Nous commençons donc aujourd’hui une série dans laquelle nous visiterons des endroits qui nous montreront comment le monachisme chrétien s’est formé. Et pour cette étape, nous visiterons les alentours d’une petite ville de Sicile appelée Palagonia. Elle est située dans une région vallonnée à 40 km au sud-ouest de la ville de Catane et du célèbre volcan Etna.

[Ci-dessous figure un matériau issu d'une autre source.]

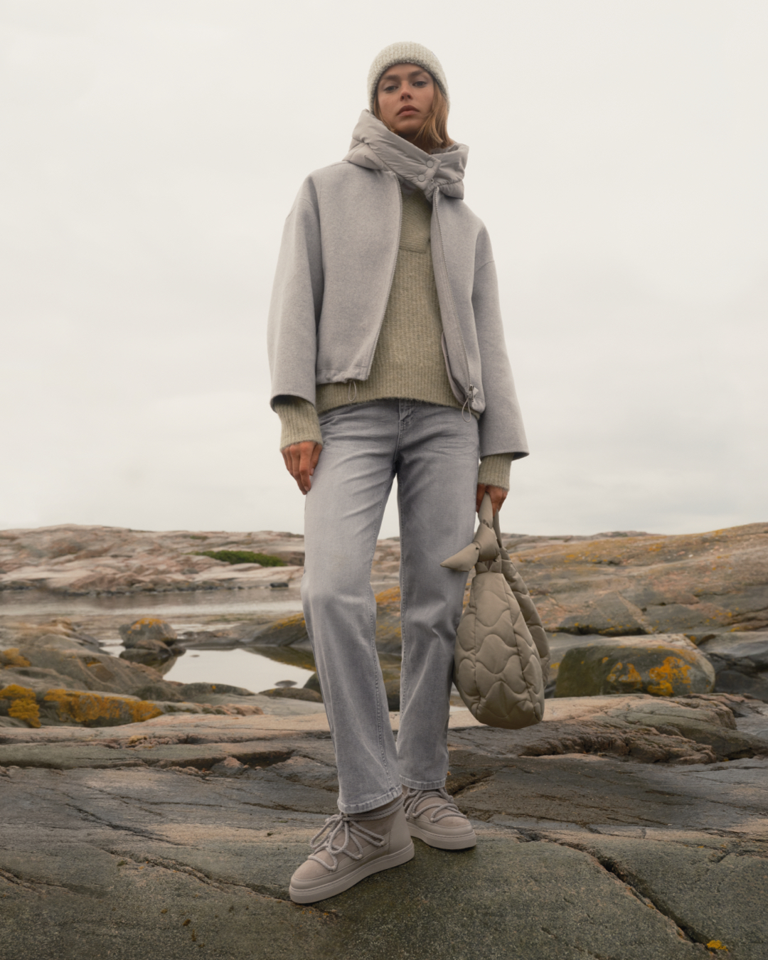 Der verkürzte Blouson und die weite Hose wirken smart und relaxed zugleich. Ideal für City Walks und Coffee Breaks – ein Look, der von morgens bis abends funktioniert. #opusfashion

A l’est de Palagonia, il y a une colline qui surplombe la ville. Sur ses flancs, nous pouvons trouver une belle villa qui sert de base pour le groupe scout local. A côté de la villa, un chemin de terre continue à grimper pendant un demi kilomètre jusqu’à l’entrée d’une grotte. Lorsque nous y entrons, nous découvrons une fresque antique sur ses murs décrivant une dame martyrisée avec d’autres Chrétiens. Cette grotte est en fait un des plus anciens ermitages d’Italie et fut construit durant l’ère byzantine entre le cinquième et sixième siècle. Quant à la dame décrite sur le mur, elle s’appelle Febronia. L’ermitage, qui porte son nom, met en lumière les phases primitives du monachisme chrétien.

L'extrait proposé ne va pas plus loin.